## WHAT YOU WILL DO
A word-for-word copy of the listing is what's needed; leave out every image.

## GIVEN MATERIAL

▼

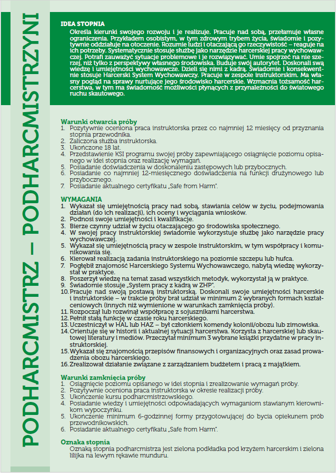 · potwierdzanie stopni instruktorskich osobom ponownie ubiegającym się o członkostwo w ZHP oraz osobom, które stopnie instruktorskie zdobyły w innych organizacjach harcerskich,
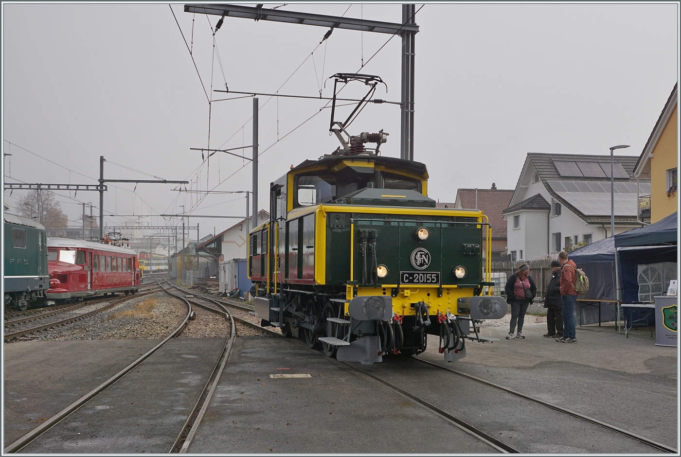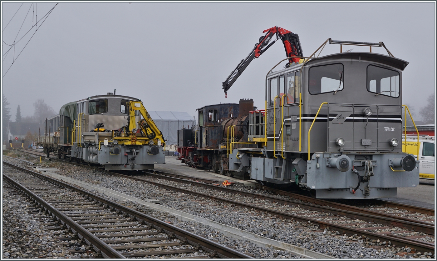 Im Rahmen der offenen Tür des Modellbahnclubs Balsthal zeigt sich die herrlich restaurierte SNCF C 20155 UIC N° 97 85 1 932-0 (ex SBB Ee 3/3 II 1615, ex SNCF C 20155) beim OeBB Depot von Balsthal. 8.Novembe 2025
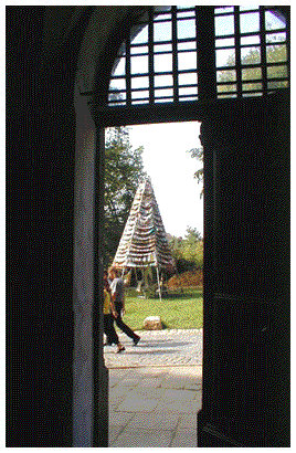This teepee shelters a BIZARRE HAND LOOM,

▲

## RESPONSE
 · potwierdzanie stopni instruktorskich osobom ponownie ubiegającym się o członkostwo w ZHP oraz osobom, które stopnie instruktorskie zdobyły w innych organizacjach harcerskich,
 Im Rahmen der offenen Tür des Modellbahnclubs Balsthal zeigt sich die herrlich restaurierte SNCF C 20155 UIC N° 97 85 1 932-0 (ex SBB Ee 3/3 II 1615, ex SNCF C 20155) beim OeBB Depot von Balsthal. 8.Novembe 2025
This teepee shelters a BIZARRE HAND LOOM,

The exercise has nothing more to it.